09/09/2022 Cuma Köşe yazarı A.U
Fâtih Sultân Mehmed
Han, İstanbul’u fetihten sonra hocası Akşemseddîn hazretlerine geldi.
“Bir şeyi merak
ediyorum” dedi.
Büyük velî sordu:
“Nedir o Sultânım?”
Arz etti ki:
“Sahâbe-i Kirâm’ın
büyüklerinden, mihmandâr-ı Resûl, Ebâ Eyyûb Ensârî hazretlerinin kabr-i şerîfi,
İstanbul surlarına yakınmış.”
“Evet öyledir.”
İstirham etti ki:
“Zât-ı âlinizden bu
yerin tesbîtini istiyorum hocam.”
Mübârek döndü ona.
“Ben, şu karşıki tepenin
eteğinde, devamlı bir nûr görürüm.

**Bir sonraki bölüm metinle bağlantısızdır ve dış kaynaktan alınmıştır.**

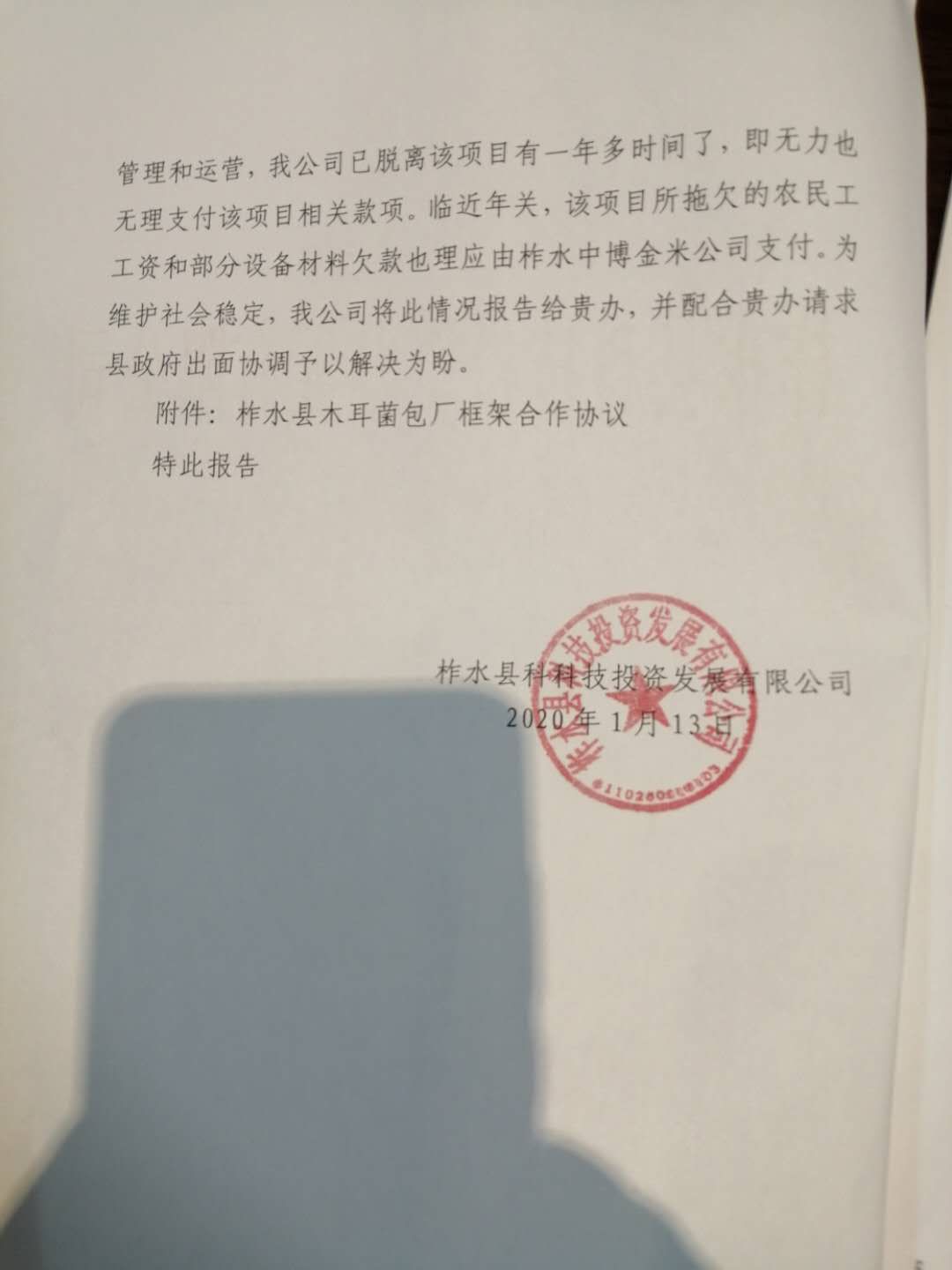 李巍提供给澎湃新闻的一份《科投公司关于金米木耳菌包厂项目拖欠农民工工资及设备材料尾款情况报告》显示,科投公司按照相关协议,在2018年7月13日把木耳菌包厂交由柞水中博金米菌业发展有限公司(以下简称“中博公司”)全面接管,包括全部债权债务,该项目自此已归中博公司管理和运营,科投公司已脱离项目一年多,既无力也无理支付该项目相关款项,该项目所拖欠的农民工工资和部分设备材料欠款也理应由中博公司支付。

Kabr-i şerîf o mevkîde olmalıdır” buyurdu.
Ve kalkıp o bölgeye
gittiler.
Orada bir çınar ağacı
vardı.
Büyük velî, iki dal
kopardı.
Onları, az aralıkla
dikti ve;
“O mübârek kabir, bu
iki dal arasında olabilir” buyurdu.
Pâdişah, bu tesbîte
inandı.
Ama içi rahat etsin
istiyordu.
Emretti silâhtar
ağasına:
“Gidiniz, o dalların
yerini, bu gece değiştiriniz.”
Silâhtarağa, emri
yerine getirdi.
Ertesi gün üçü
geldiler aynı yere.
Lâkin büyük velî
dalları görüp;
“Dalların yeri değişmiş” dedi.
Asıl yeri gösterip
buyurdu ki:
“O kabrin yeri, işte burasıdır...”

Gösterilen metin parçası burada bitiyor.